Face à la flambée des coûts et la fragilité de son modèle, le cyclisme tente, par bien des voies et des initiatives, de se réformer. Si peu d’entre elles ont des chances d’aboutir, elles traduisent un certain besoin d’encadrement. Avant de croître sur de bonnes bases. Analyse.


Calendrier, One Cycling, Budget cap : comment le cyclisme veut-il se réformer ?

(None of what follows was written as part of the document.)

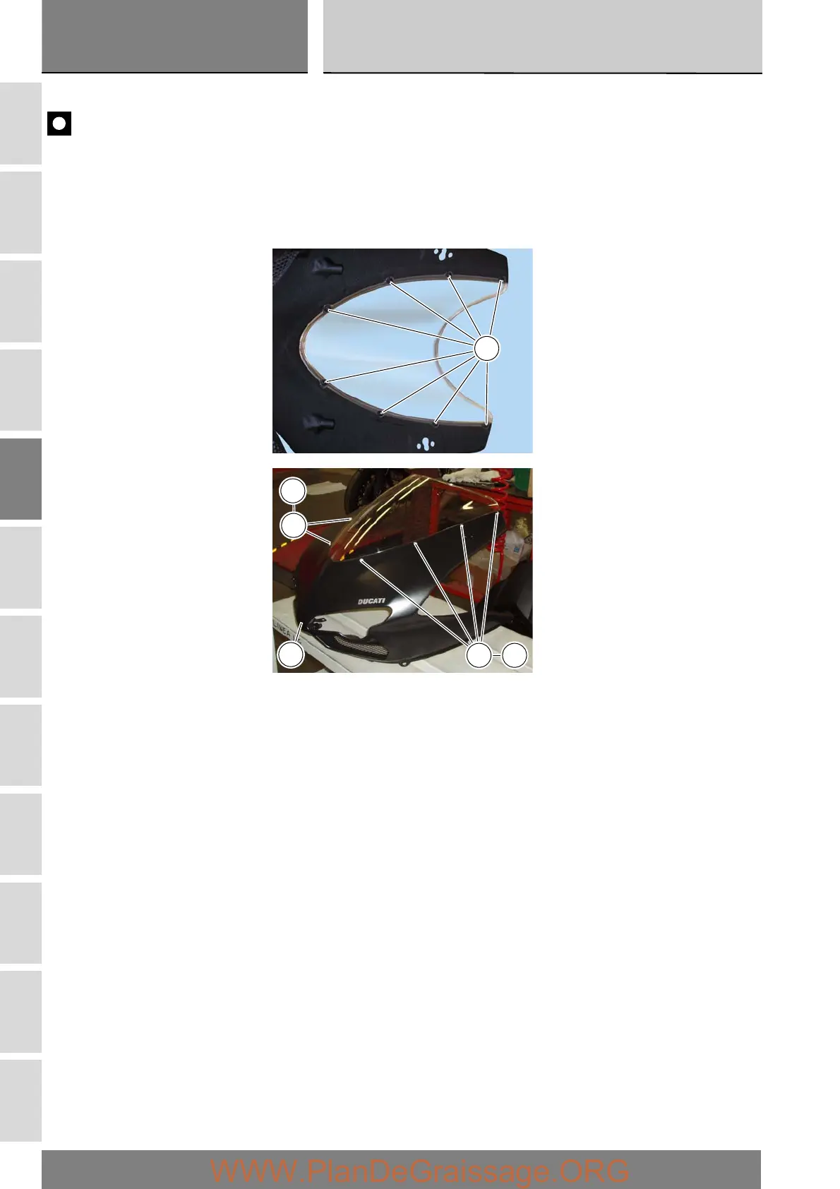On refitting the headlight shell, always refit the nylon washers (11) in correspondence with the retaining bolts to avoid damaging
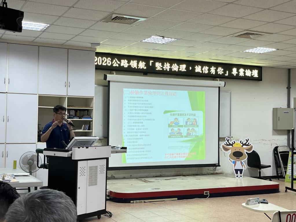 論壇並邀請定期考核優異之廠商代表─桃園市峰羽股份有限公司傳授經營管理與實務經驗,分享如何以誠信精神提升企業競爭力,促進業界標竿學習;並由展理聯合法律事務所林睿群律師講授「從車輛檢驗談受託行使公權力相關法律責任與風險管理」,強化檢驗人員法治觀念與風險控管能力。

Le climat n’est pas le seul à se dérégler. Confronté à de nombreux défis, le cyclisme se dérègle. Outre la sécurité, on parlera ici de l’autre point clé de son dérèglement : son économie. Depuis plusieurs années, les équipes et les organisateurs font face à une envolée fulgurante des prix. Salaires des coureurs et du staff, prix du matériel, du carburant, des moyens de transport ou des hébergements : l’inflation est globale et menace un modèle fragile. Tandis que les organisateurs appellent à l’aide pour survivre, les équipes cherchent à diversifier leurs revenus pour minimiser le risque de retrait d’un sponsor majeur. De ce constat alarmant naît une volonté de réforme. Mais comment réformer le modèle d’un sport centenaire, au fonctionnement atypique et fragile ?


Les droits télévisuels du cyclisme au centre des débats


Le centre du débat, depuis plusieurs années et surtout quelques mois, ce sont les droits télévisuels. Contrairement au football, les équipes cyclistes ne bénéficient pas de cette source de revenus et aucune redistribution n’a lieu entre les organisateurs et les équipes. Une anomalie selon ces dernières. Problème, hormis les mastodontes de l’organisation (ASO, RCS, Flanders Classics) et quelques courses WT, la grande majorité des organisateurs payent pour être retransmis à la télévision et ne perçoivent pas de droits. D’après notre modèle théorique, une redistribution des droits TV des courses WT rapporterait 2,5 M€ par équipe, dans un monde utopique.


« Pensez-vous que c’est possible que les équipes reversent une partie de leurs revenus des sponsors aux organisateurs ? nous rétorquait Richard Plugge, le patron de Visma-Lease-a-Bike, à la question de la redistribution. Le problème, c’est que l’on essaye toujours de prendre quelque chose à quelqu’un d’autre plutôt que de travailler ensemble pour créer un meilleur revenu pour tout le monde », développait-il. Un postulat rempli de bon sens qui a servi de base au Néerlandais pour lancer en coulisses, fin 2023, un projet de réforme nommé One Cycling.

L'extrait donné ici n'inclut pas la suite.